From an initial universe of 150 funds, nine received the highest rating, 40 were ‘recommended’ while 101 did not pass Zenith’s ratings criteria.
Funds offered by BT, Concord, Fidelity, Greencape, Perpetual and Zurich joined funds from Ausbil and Perpetual in the ‘highly recommended’ category.
“In all cases the upgraded funds have been rated by Zenith on multiple occasions,” said Zenith’s head of research, Ben Davis.
“As we have become more familiar with these offerings, we have increased our conviction in various aspects of our qualitative assessment. The performance of each strategy has also continued to be strong relative to their peer groups.”
Active managers continued to outperform other managers, Davis said.

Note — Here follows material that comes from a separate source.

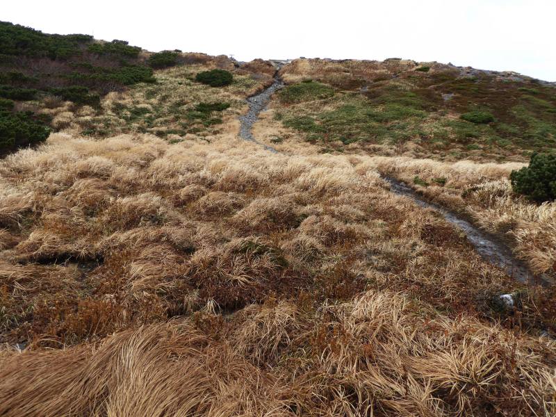 紅葉は、6合目付近から下で見られましたが、木々の紅葉は殆ど色あせていて、大雪山方面と同じような綺麗な紅葉は全く見られませんでした。

“In aggregate, most active managers we have assessed currently have underweights to the financials and materials sectors — the two largest sectors in the Australian market. The relative performance of these sectors will be key in determining whether active managers add value over the short term.”
Investment analyst Graeme Miller said Australia had been buoyed by increased linkages with Asia and emerging markets, but cautioned investors to ensure portfolios were adequately diversified.
“Although the idea that higher economic growth equates to higher stock market returns sounds intuitively appealing, in practice this is not always the case,” he said.
“Zenith’s message to investors is that they should be careful combining allocations to Australian equity, emerging market, China-specific, and commodity/resources sector managed funds as these exposures may be highly correlated on the downside if commodity prices were to fall sharply, and therefore may not necessarily provide adequate asset class diversification.”